4 thoughts on “Awe and the Ordinary”

  1. Thank you so much for this, Fred. There are those of us who believe what you have written here with our every fiber but who also need frequent help in tuning our awe-detectors. Thank you for being this to me and my family.

  2. A magnificent way to begin the day by reading this awesome article. The world would be better if everyone could be in “awe” of our world and those around us and live in a sense of gratitude. Thank you for this gift to us and may we all “ Stop and Smell the Roses”.

  3. Very political post at the end, which of course I agree with. The rest of the writing was beautiful, even better than your usually excellent prose. Whenever I read about awe, I try to think of when I have felt it. Sadly, I am not sure I am feeling awe, although I love to bask in all aspects of nature, and am so grateful for all the pleasure I feel when I am outdoors.

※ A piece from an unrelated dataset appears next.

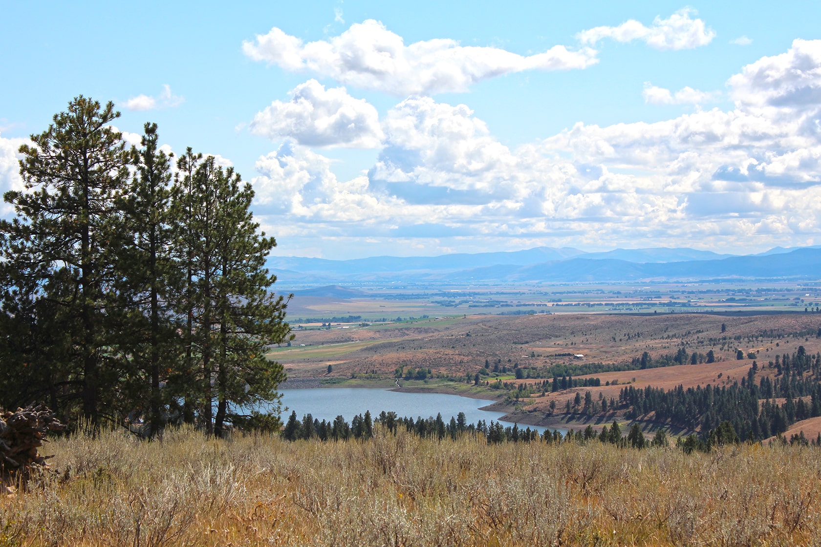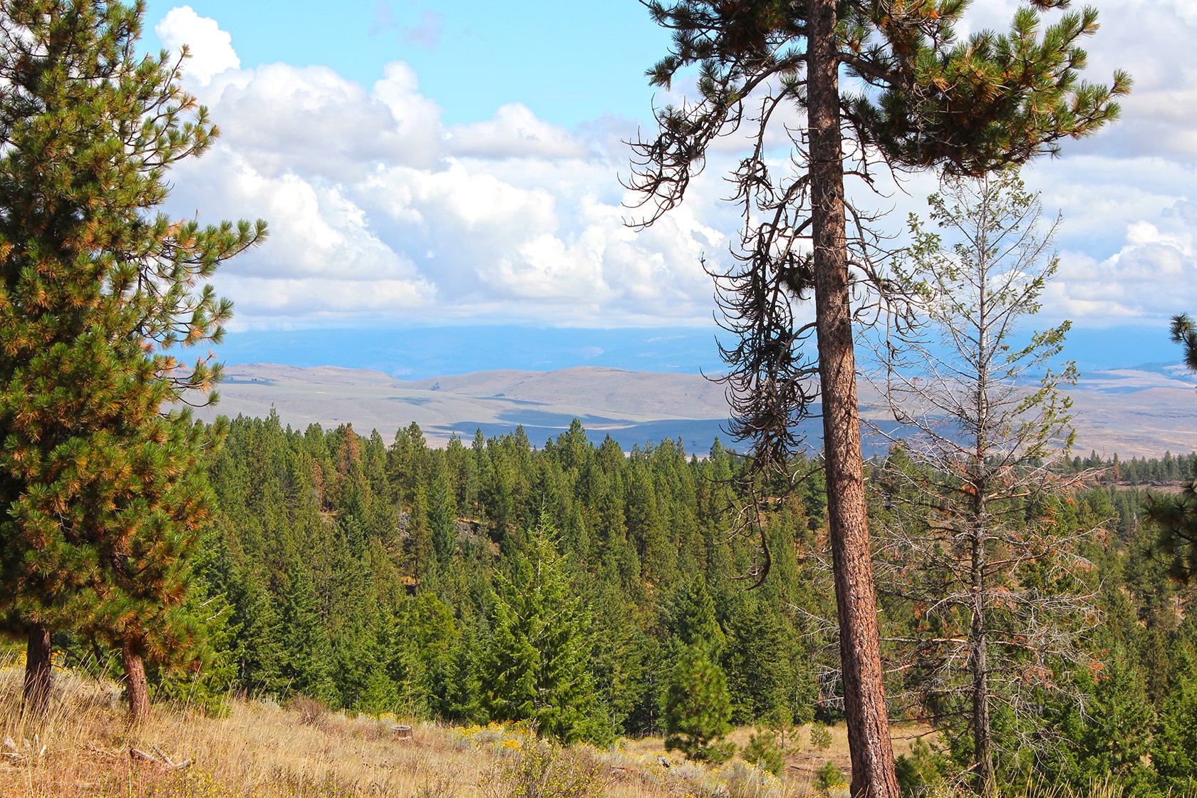 Bud and Louise Morgan owned and ran Hidden Valley Horse Ranch as a dude ranch in the 1950s.ย At the time the property was 700 acres.ย The property now has 1,774.2 acres of timber and grazing land cascading from where Elkhorn Mountains meet the Blue Mountains.ย Whitman National Forest borders it to the Northwest, Wolf Creek and Clear Creek run through the entirety of the property down to Wolf Creek Reservoir.ย The property borders almost a half mile of Wolf Creek Reservoir.ย To the South and Southeast are alfalfa fields and the Elkhorn Wildlife Refuge, an area dedicated to protecting wintering deer and elk.ย There are remnants of the dude ranch with the original house and barn remain, but the stability remains to be determined.ย The property is accessed from a county road which is maintained all year.ย There is one easement on the property that allows access to Wolf Creek Ranch 62924 Wolf Creek Lane.

  4. Trying to play catch-up and glad I caught this! (Had knee surgery on Tues. I found myself a little nostalgic for the old hospital hustle-bustle and was surprised by that! I was treated very well by all my caregivers too.)
    Anyway I love the concept of “awe”!
    I was distressed when the first Gulf War was referred to as “Shock and Awe”. I believe war to be basically banal which is just about as far from awe as one can get. In our current culture, when everything is “awesome “ we’re not paying attention to what actually is. And I’d describe the current climate as banal to the max! Ha! Meds making me chatty.